San Diego Janitors Fast For Family Health Care
Friday, May 18, 2012
Janitors who clean some of San Diego's most profitable biotech companies will end their three day hunger strike at noon today. They want better wages and health insurance in one of the highest paid industries in San Diego county.
A report from the Center on Policy Initiatives reveals janitors at San Diego's largest life sciences firm are paid an average of $8.84 an hour, with no health care benefits.
San Diego is home to one of the most concentrated biotech clusters in the world, where you can literally walk across the street to collaborate with another life science company. The average salary for a biotech worker in California starts at about $80,000 a year. But that doesn't include many essential support jobs that are contracted out, such as janitors, security guards and food service workers. They earn between $8.80 and $9.50 an hour without health care benefits.
"I have two jobs," said Martha Gomez, a single mom with four kids living in San Diego with permanent residency status. She's been cleaning the offices of one of the county's largest biotech firms for several years now earning $8.40 an hour. "The money I earn is to pay the rent and bills and that's it," Gomez said.
A report from the Center on Policy initiatives shows one of the companies Gomez works for, Illumina, pays its contracted janitors about $18,387 a year for full-time work.
Although many companies outsource, Arena Pharmaceuticals has janitors on staff. The company provides full medical benefits, a 401K plan, four weeks vacation, disability and more than $10 an hour.

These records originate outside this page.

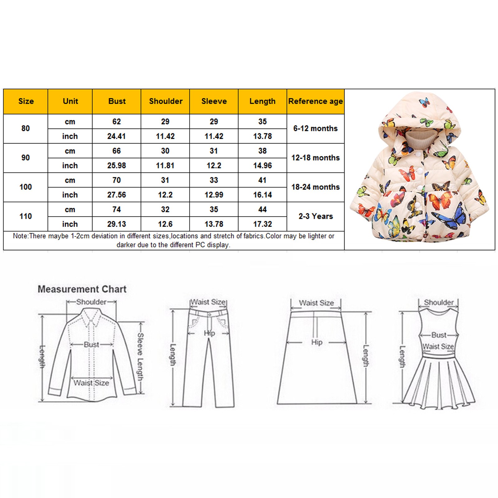 Размеры Рекомендуемый возраст Бюст Плечо Рукав Длина 80 6-12 месяцев 62 см/24,41'' 29 см/11,42'' 29 см/11,42'' 35 см/13,78'' 90 12-18 месяцев 66 см/25,98'' 30 см/11,81'' 31 см/12,20'' 38 см/14,96'' 100 18-24 месяцев 70 см/27,56'' 31 см/12,20'' 33 см/12,99'' 41 см/16,14'' 110 От 2 до 3 лет 74 см/29,13'' 32 см/12,60'' 35 см/13,78'' 44 см/17,32''
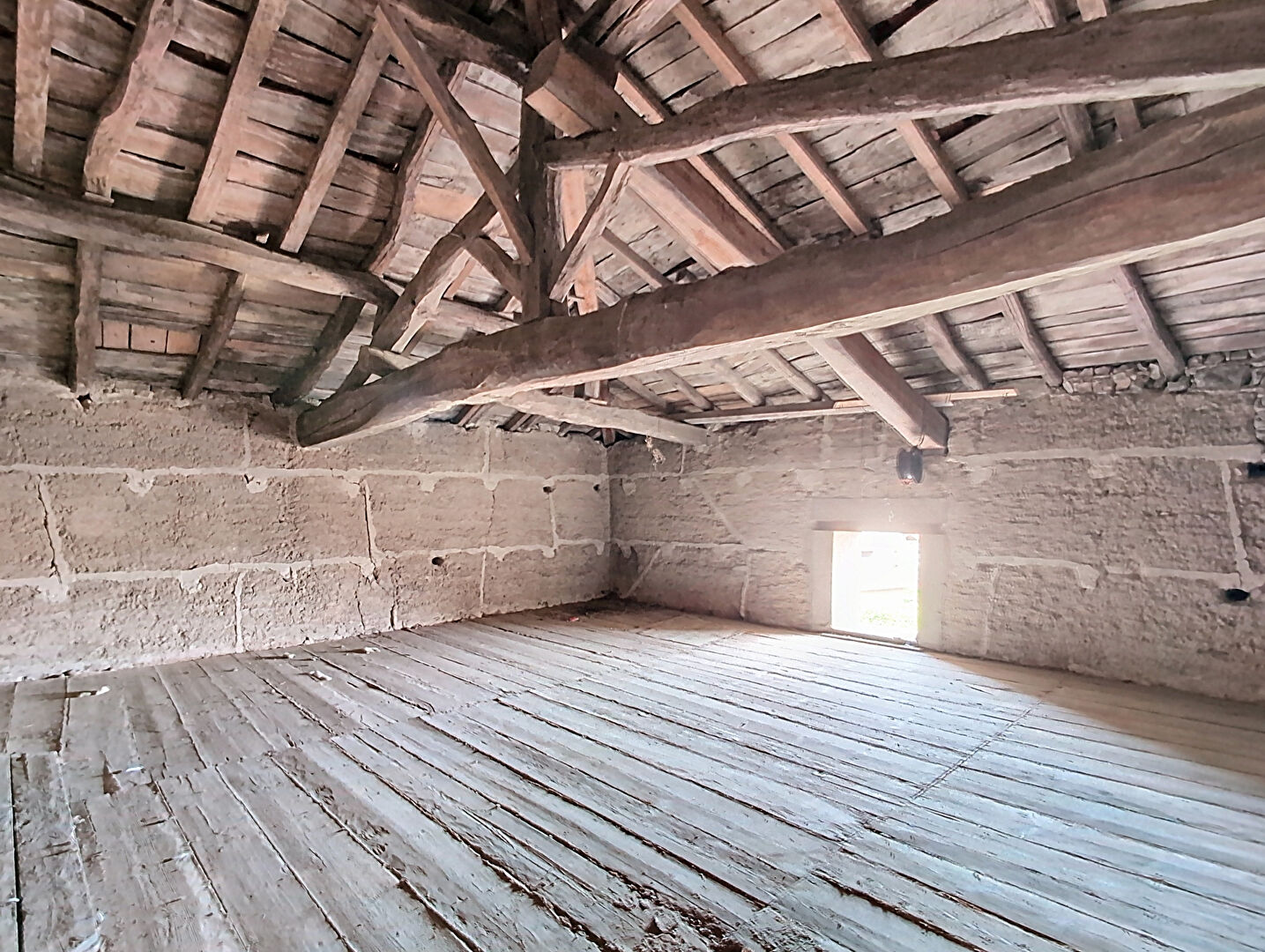 Elle se compose de 2 grandes chambres au rez de chaussée et d'un grenier aménageable à l'étage supérieur avec en sous sol une cave voutée de 100m².
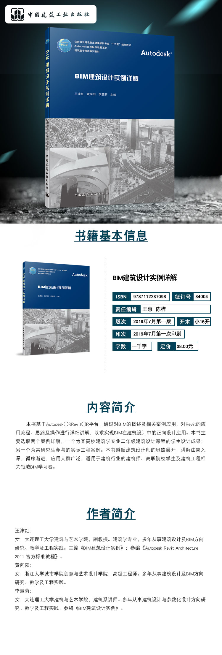 本书基于Autodesk○RRevit○R平台,通过对BIM的概述及相关案例应用,对Revit的应用流程、思路及操作进行详细讲解,以求实现BIM在建筑设计中的正向设计应用。本书主要选取两个案例详解,一个为某高校建筑学专业二年级建筑设计课程的学生设计成果;另一个为某研究生参与的实际工程案例。本书遵循建筑设计师的思路展开,讲解由简入深,循序渐进,应用人群广泛,适用于建筑行业的建筑师、高职院校学生及建筑工程相关领域BIM学习者。
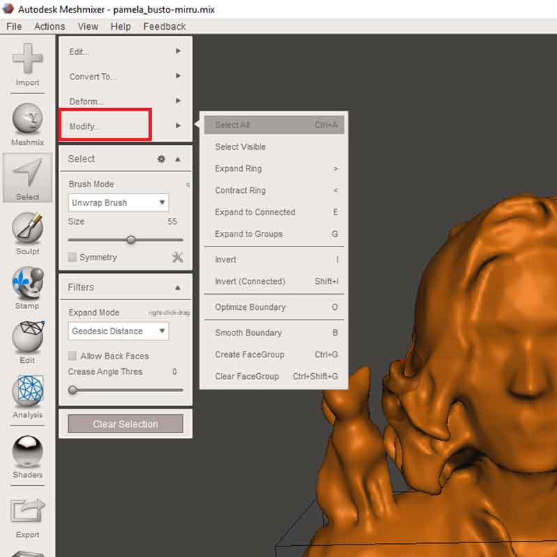 1_Open your model, go to SELECT, click anywhere on your model then go to MODIFY>SELECT ALL
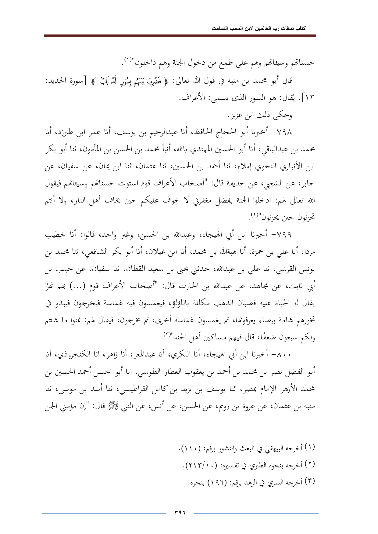 ٧٩٩ - أخبرنا ابن أبي الهيجاء، وعبد الله بن الحسن، وغير واحد، قالوا: أنا خطيب مردا، أنا علي بن حمزة، أنا هبة الله بن محمد، أنا ابن غيلان، أنا أبو بكر الشافعي، ثنا محمد بن يونس القرشي، ثنا علي بن عبد الله، حدثني يحيى بن سعيد القطان، ثنا سفيان، عن حبيب بن أبي ثابت، عن مجاهد، عن عبد الله بن الحارث قال: "أصحاب الأعراف قوم ( ... ) بهم نهرًا يقال له الحياة عليه قضبان الذهب مكللة باللؤلؤ، فيغمسون فيه غماسة فيخرجون فيبدو في نخورهم شامة بيضاء يعرفونها، تم يغسون غماسة أخرى، ثم يخرجون، فيقال لهم: تمنوا ما شئتم ولكم سبعون ضعفًا، قال فيهم مساكين أهل الجنة" (¬٣).
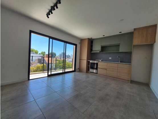 Departamento de dos ambientes a estrenar a la calle con balcón y parrilla. Living comedor con cocina integrada con amoblamientos completos, espacio para lavarropas y heladera. Caldera dual. Calefacción por losa radiante. Aberturas en aluminio de DVH. 2 unidades disponibles.
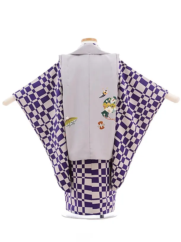 七五三レンタル(3歳男児被布) 正絹 2304 淡グレー寿柄×パープル格子
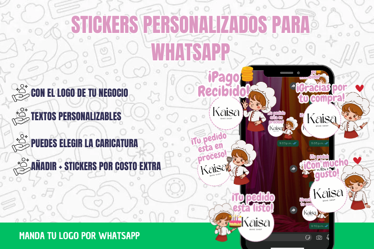 Cada pack de 5 stickers está diseñado especialmente para tu emprendimiento, reflejando la esencia de tu marca, ya sea que tengas una tienda de ropa, una pastelería, o seas un profesional independiente. ¡Haz que tus conversaciones sean tan especiales como tus productos!
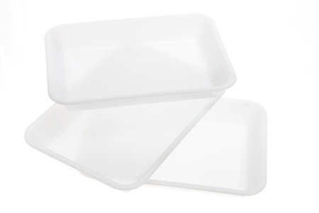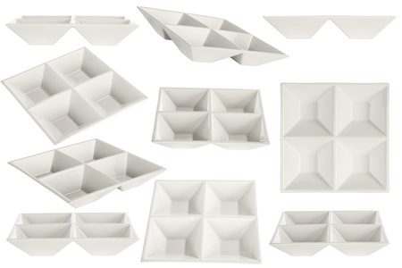 A set of disposable white plastic plates on a clean surface, arranged in an orderly manner.

Sandra Diaz is with the Service Employees International Union. "These industries need to show leadership in San Diego as they have in other parts of the state," she said.
The janitors' contract expires at the end of May and the main sticking point is affordable health care benefits. Diaz said San Diego contractors are the only holdouts in the state.
"If you've settled in Orange County, if you've settled in Los Angeles, if you've settled in Northern California, you can settle in San Diego on similar terms," she said.